### Information:

──────

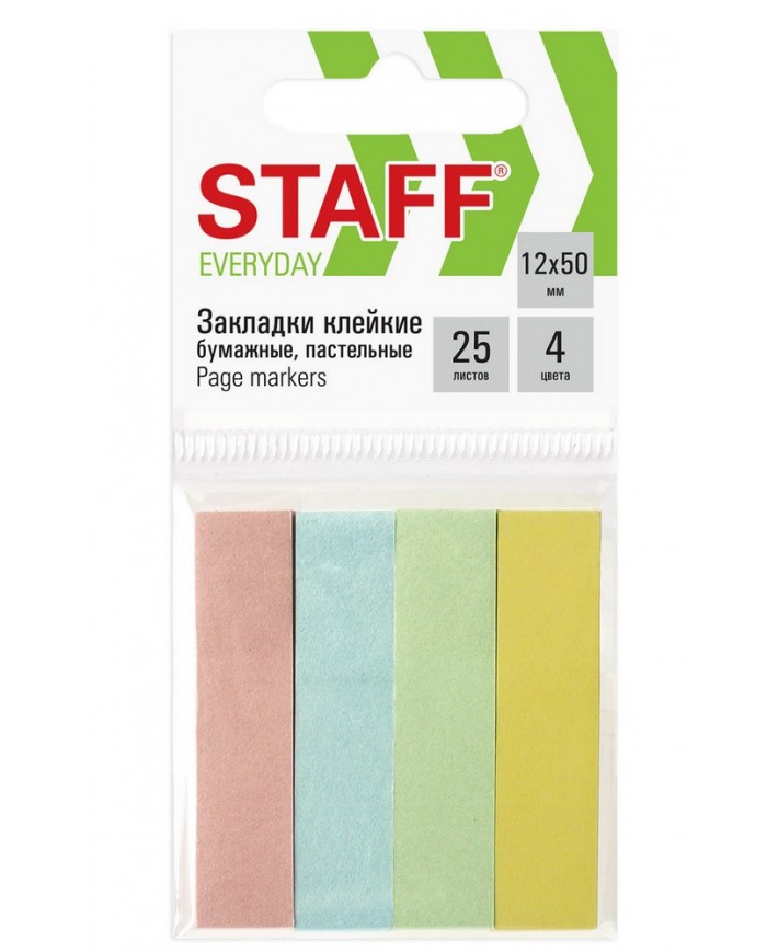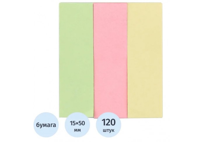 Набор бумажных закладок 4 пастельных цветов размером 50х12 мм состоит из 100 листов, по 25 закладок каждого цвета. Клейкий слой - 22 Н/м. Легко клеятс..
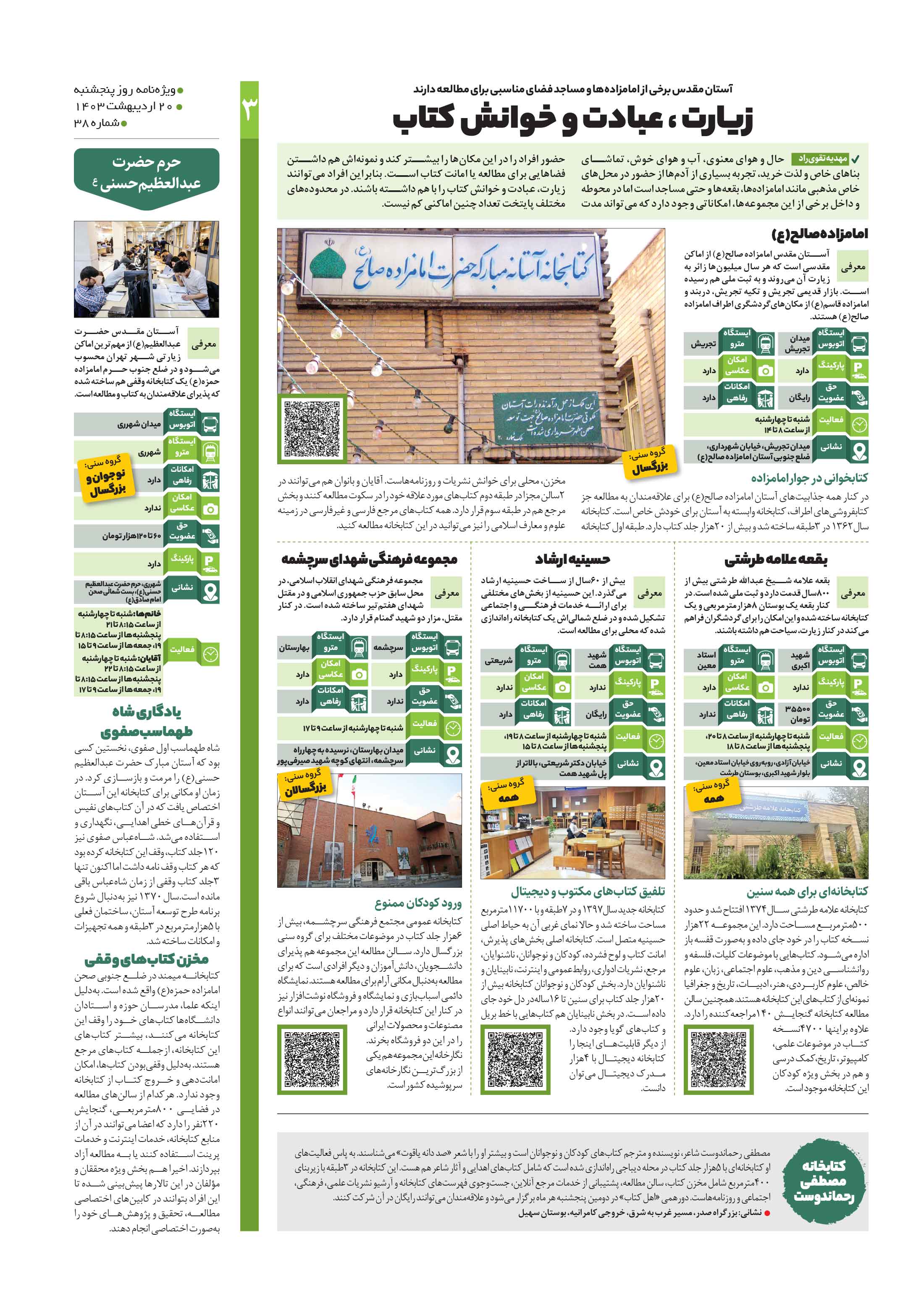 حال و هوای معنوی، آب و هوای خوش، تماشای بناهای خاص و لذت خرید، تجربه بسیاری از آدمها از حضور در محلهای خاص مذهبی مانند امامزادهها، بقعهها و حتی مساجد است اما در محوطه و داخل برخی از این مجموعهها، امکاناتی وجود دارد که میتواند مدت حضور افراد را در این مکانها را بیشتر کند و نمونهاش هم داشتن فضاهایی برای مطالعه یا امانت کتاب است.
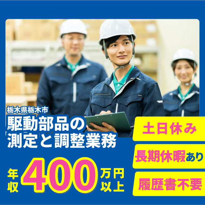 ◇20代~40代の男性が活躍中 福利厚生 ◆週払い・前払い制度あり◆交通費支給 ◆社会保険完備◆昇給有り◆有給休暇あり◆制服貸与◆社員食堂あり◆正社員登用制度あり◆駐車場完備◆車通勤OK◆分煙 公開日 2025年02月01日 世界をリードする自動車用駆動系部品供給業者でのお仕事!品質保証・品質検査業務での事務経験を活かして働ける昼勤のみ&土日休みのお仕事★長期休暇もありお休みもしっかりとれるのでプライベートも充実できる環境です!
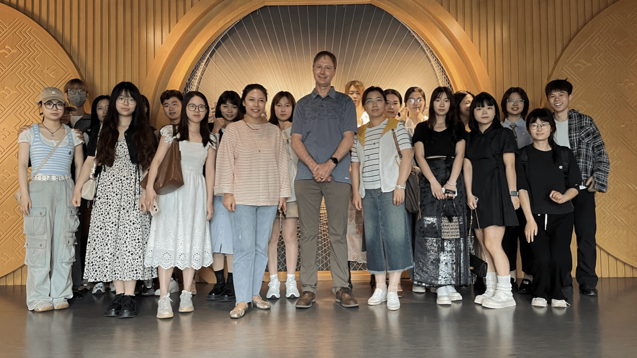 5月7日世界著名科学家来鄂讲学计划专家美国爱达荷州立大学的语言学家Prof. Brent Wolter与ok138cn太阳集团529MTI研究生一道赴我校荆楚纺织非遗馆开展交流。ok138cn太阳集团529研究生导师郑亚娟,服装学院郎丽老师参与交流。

──────

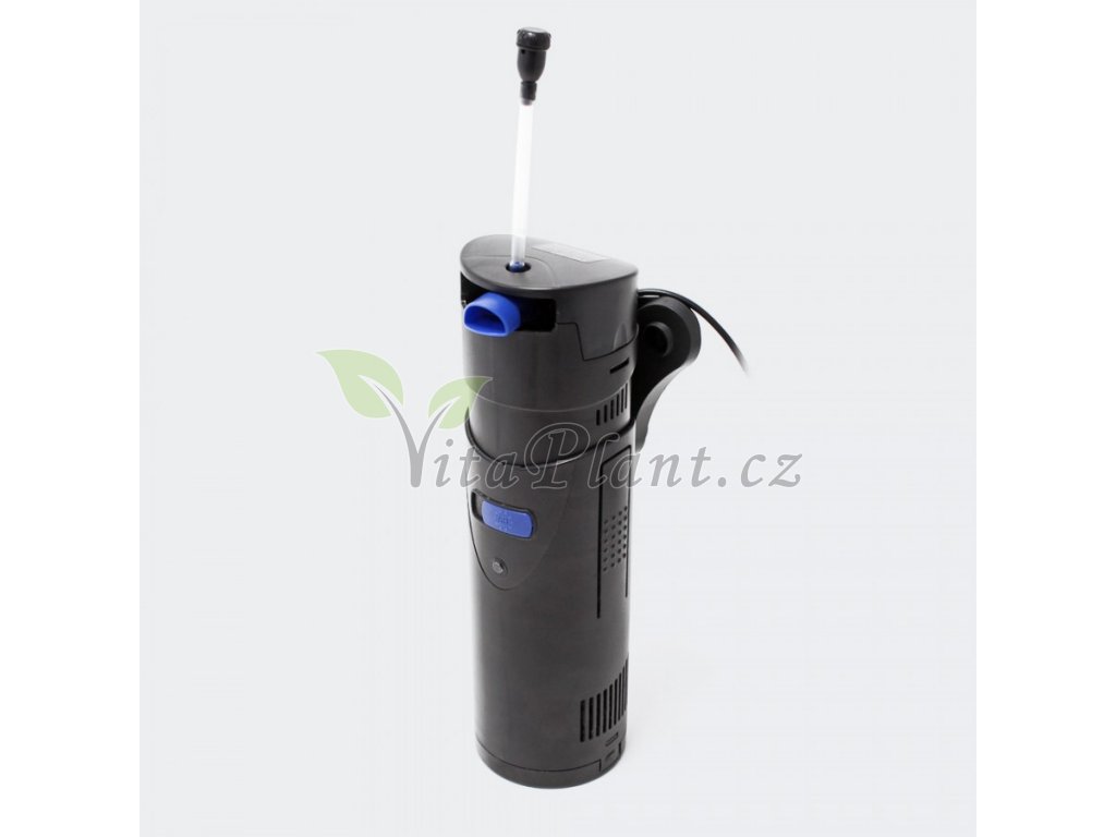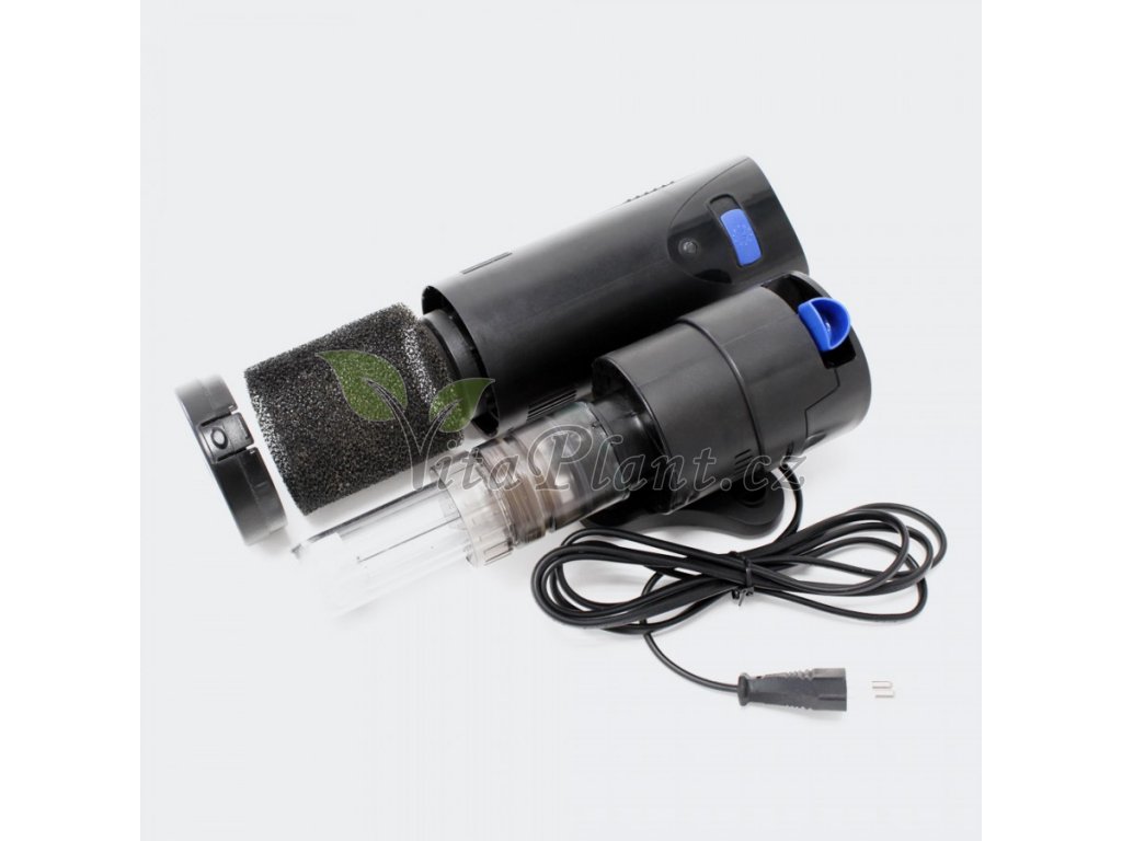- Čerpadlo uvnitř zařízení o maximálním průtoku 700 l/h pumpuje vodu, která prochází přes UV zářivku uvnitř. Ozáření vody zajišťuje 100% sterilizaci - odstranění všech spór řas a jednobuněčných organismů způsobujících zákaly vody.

──────

### Work to be completed:
With the pictures removed, print only the lines starting at the line that has "Набор бумажных закладок" and ending at the line that has "حال و هوای معنوی،", both ends included, exactly as they stand above.

### Answer area:
 Набор бумажных закладок 4 пастельных цветов размером 50х12 мм состоит из 100 листов, по 25 закладок каждого цвета. Клейкий слой - 22 Н/м. Легко клеятс..
 حال و هوای معنوی، آب و هوای خوش، تماشای بناهای خاص و لذت خرید، تجربه بسیاری از آدمها از حضور در محلهای خاص مذهبی مانند امامزادهها، بقعهها و حتی مساجد است اما در محوطه و داخل برخی از این مجموعهها، امکاناتی وجود دارد که میتواند مدت حضور افراد را در این مکانها را بیشتر کند و نمونهاش هم داشتن فضاهایی برای مطالعه یا امانت کتاب است.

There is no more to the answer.